Recently, activist theologian Shane Claiborne gave a powerful message at Woodland Hills Church in Saint Paul, Minnesota, on what this means for us today. He said:

You know a lot of people are talking about the “war on Christmas”, and by that they mean we need to make sure we say “Merry Christmas” instead of “Happy Holidays”. But I gotta say, I think God could care less whether we say “Happy Holidays” or “Merry Christmas” if we still turn away immigrants and leave Jesus in the cold this Christmas. So I’m less interested in putting the Christ back in Christmas than I am putting the Christ back in Christians.

Jesus will indeed say “I was a stranger and you took Me in” to those who join him in his glorious Kingdom, and “I was a stranger and you did not take Me in” to those banished to an eternity without God (Mt 25:35, 43). How we treat refugees today say something about how we would have treated Jesus and his family if we lived in Egypt 2,000 years ago.

“But Micael, aren’t you politicizing the Gospel now?” someone might object. “Surely, Jesus was talking about welcoming strangers privately into our homes, he wasn’t talking about what migration policies countries should have.”

Well, Jesus himself is quite good at politicizing the Gospel already. He, along with John the Baptist and several Old Testament prophets, made it clear that kings and lords needed to follow the same divinely inspired ethics as everyone else (2 Sam 12, Mk 6:18, Lk 22:53). In Matthew 25, he addresses “all the nations” (v. 32). Obviously, a few politicians and leaders will be in that crowd.

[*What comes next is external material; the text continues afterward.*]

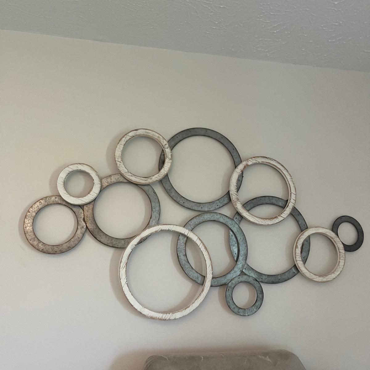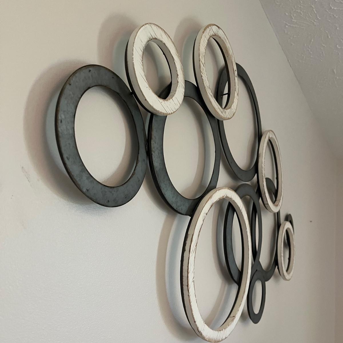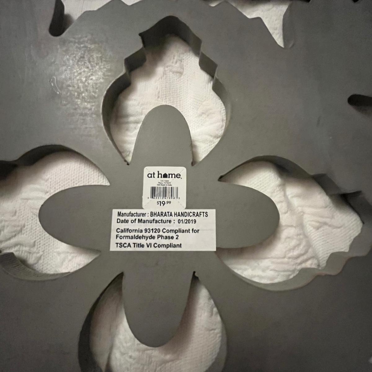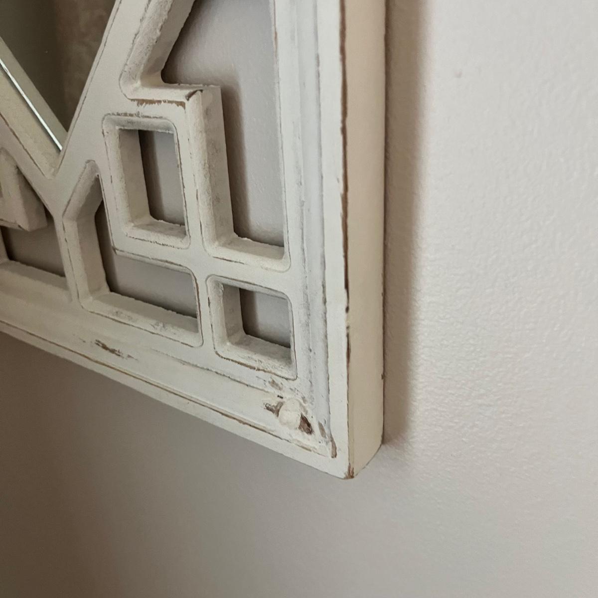 Lot includes three matching pieces of wall art that appear to be MDF with a gray weathered look. Each piece measures 16”sq. Also includes a white three diamond shaped mirrors with wooden frame that measures 12” x 35”H and a circle design wall art made from metal and wood. Plus a large mirror in a white wooden frame that measures 28" x 40"H. Shipping Available. Shipping can be costly. We suggest contacting our preferred local shipping provider, Postage Express, with dimensions and getting an estimate before bidding: (828) 670-5501 or postageexpress@yahoo.com.

Isn't it a bit weird to think that Jesus really wants us to host and welcome strangers in our homes, but doesn't mind if we all of a suddenly cheer and clap our hands as the state forcefully deport them to poverty, persecution or war? Jesus clearly criticizes the rich man who refused to let poor Lazarus into his home. Would he celebrate a rich country that does the same to poor refugees on a national level?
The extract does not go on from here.